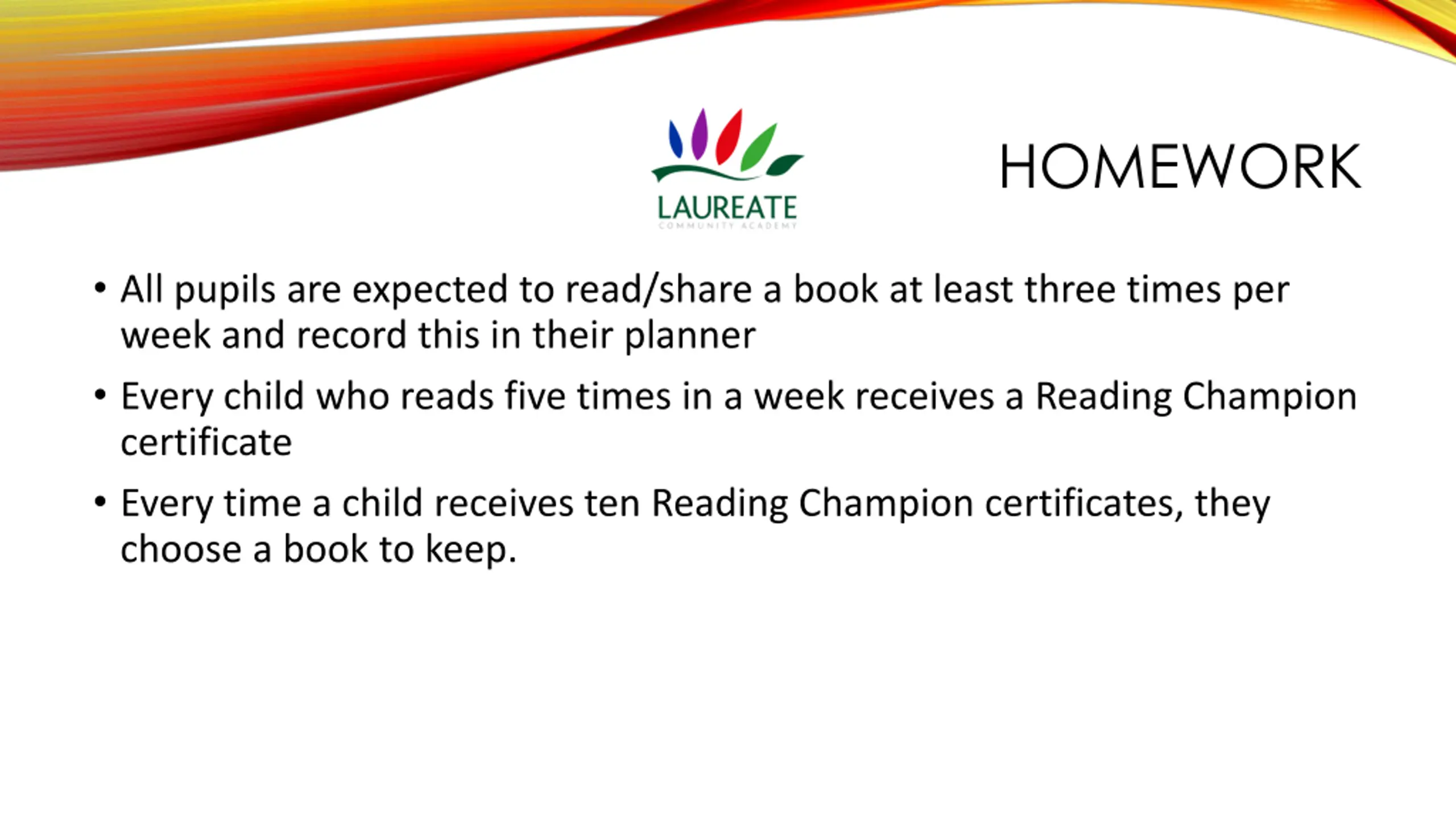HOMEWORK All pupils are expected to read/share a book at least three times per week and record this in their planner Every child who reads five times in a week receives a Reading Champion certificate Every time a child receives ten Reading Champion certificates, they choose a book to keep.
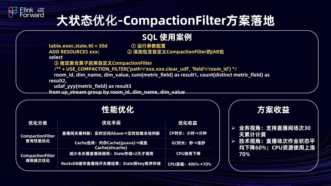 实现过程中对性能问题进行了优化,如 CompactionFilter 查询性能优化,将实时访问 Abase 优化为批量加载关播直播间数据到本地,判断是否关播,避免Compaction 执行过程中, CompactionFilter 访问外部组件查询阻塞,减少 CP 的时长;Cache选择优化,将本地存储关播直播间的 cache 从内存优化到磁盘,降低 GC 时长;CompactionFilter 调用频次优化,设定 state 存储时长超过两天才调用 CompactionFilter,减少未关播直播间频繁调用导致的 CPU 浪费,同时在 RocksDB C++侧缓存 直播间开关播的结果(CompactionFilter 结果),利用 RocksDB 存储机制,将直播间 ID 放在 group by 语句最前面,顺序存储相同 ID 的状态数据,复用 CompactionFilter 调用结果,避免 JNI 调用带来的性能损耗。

* * *

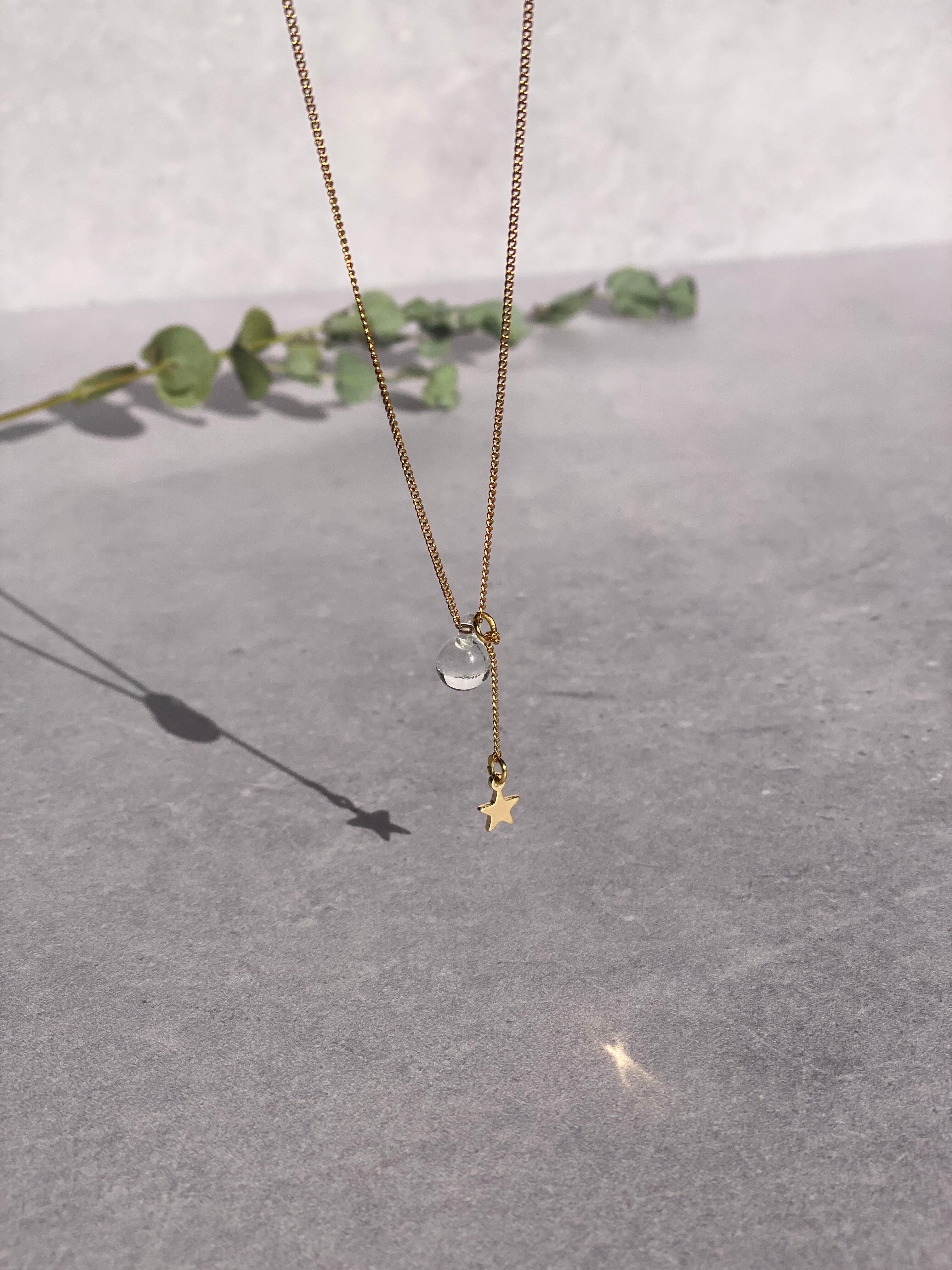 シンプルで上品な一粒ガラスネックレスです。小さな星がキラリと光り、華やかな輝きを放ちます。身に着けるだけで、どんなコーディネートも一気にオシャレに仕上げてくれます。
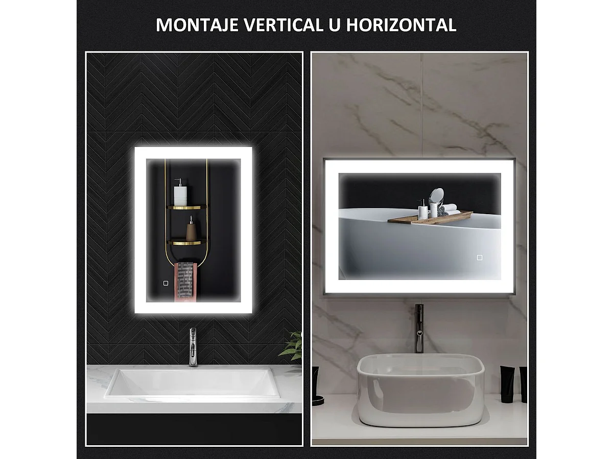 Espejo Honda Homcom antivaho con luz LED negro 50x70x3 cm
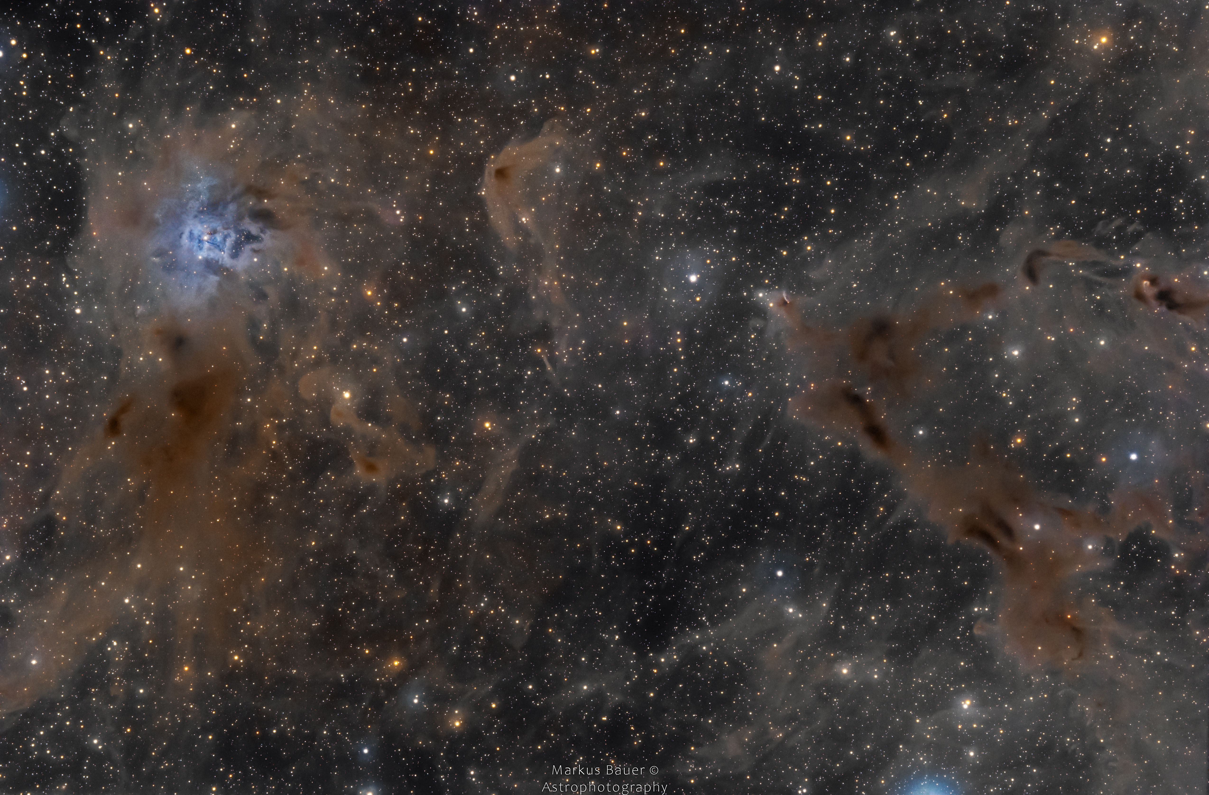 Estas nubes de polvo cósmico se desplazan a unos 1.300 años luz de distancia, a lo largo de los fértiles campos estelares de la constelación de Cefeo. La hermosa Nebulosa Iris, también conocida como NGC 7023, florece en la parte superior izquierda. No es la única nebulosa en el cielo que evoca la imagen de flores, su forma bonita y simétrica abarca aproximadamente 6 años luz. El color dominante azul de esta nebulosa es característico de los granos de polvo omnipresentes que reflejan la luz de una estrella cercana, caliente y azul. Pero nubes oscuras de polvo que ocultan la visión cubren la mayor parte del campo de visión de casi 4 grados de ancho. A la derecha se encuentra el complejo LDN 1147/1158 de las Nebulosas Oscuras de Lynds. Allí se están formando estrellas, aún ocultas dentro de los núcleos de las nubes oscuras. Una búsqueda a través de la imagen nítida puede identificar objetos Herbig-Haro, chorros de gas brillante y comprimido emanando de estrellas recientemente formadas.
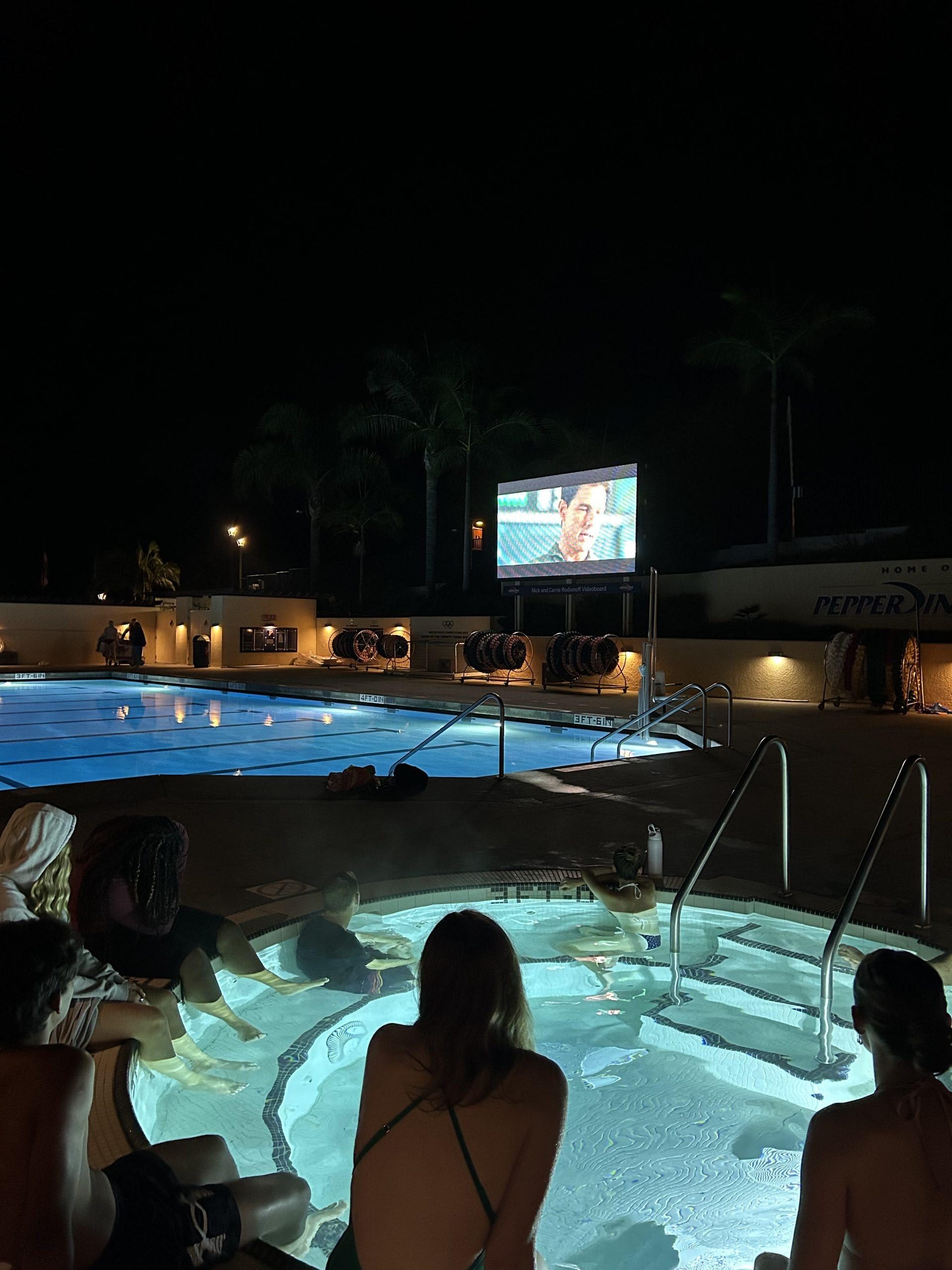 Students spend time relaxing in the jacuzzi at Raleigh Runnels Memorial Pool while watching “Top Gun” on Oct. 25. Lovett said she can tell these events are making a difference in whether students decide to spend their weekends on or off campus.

What you are asked to do: Copy only these lines from the records above, exactly: the one with "HOMEWORK All pupils", the one with "实现过程中对性能问题进行了优化,如 CompactionFilter 查询性能优化,将实时访问", and those between. Skip the pictures.

Written response:
HOMEWORK All pupils are expected to read/share a book at least three times per week and record this in their planner Every child who reads five times in a week receives a Reading Champion certificate Every time a child receives ten Reading Champion certificates, they choose a book to keep.
 实现过程中对性能问题进行了优化,如 CompactionFilter 查询性能优化,将实时访问 Abase 优化为批量加载关播直播间数据到本地,判断是否关播,避免Compaction 执行过程中, CompactionFilter 访问外部组件查询阻塞,减少 CP 的时长;Cache选择优化,将本地存储关播直播间的 cache 从内存优化到磁盘,降低 GC 时长;CompactionFilter 调用频次优化,设定 state 存储时长超过两天才调用 CompactionFilter,减少未关播直播间频繁调用导致的 CPU 浪费,同时在 RocksDB C++侧缓存 直播间开关播的结果(CompactionFilter 结果),利用 RocksDB 存储机制,将直播间 ID 放在 group by 语句最前面,顺序存储相同 ID 的状态数据,复用 CompactionFilter 调用结果,避免 JNI 调用带来的性能损耗。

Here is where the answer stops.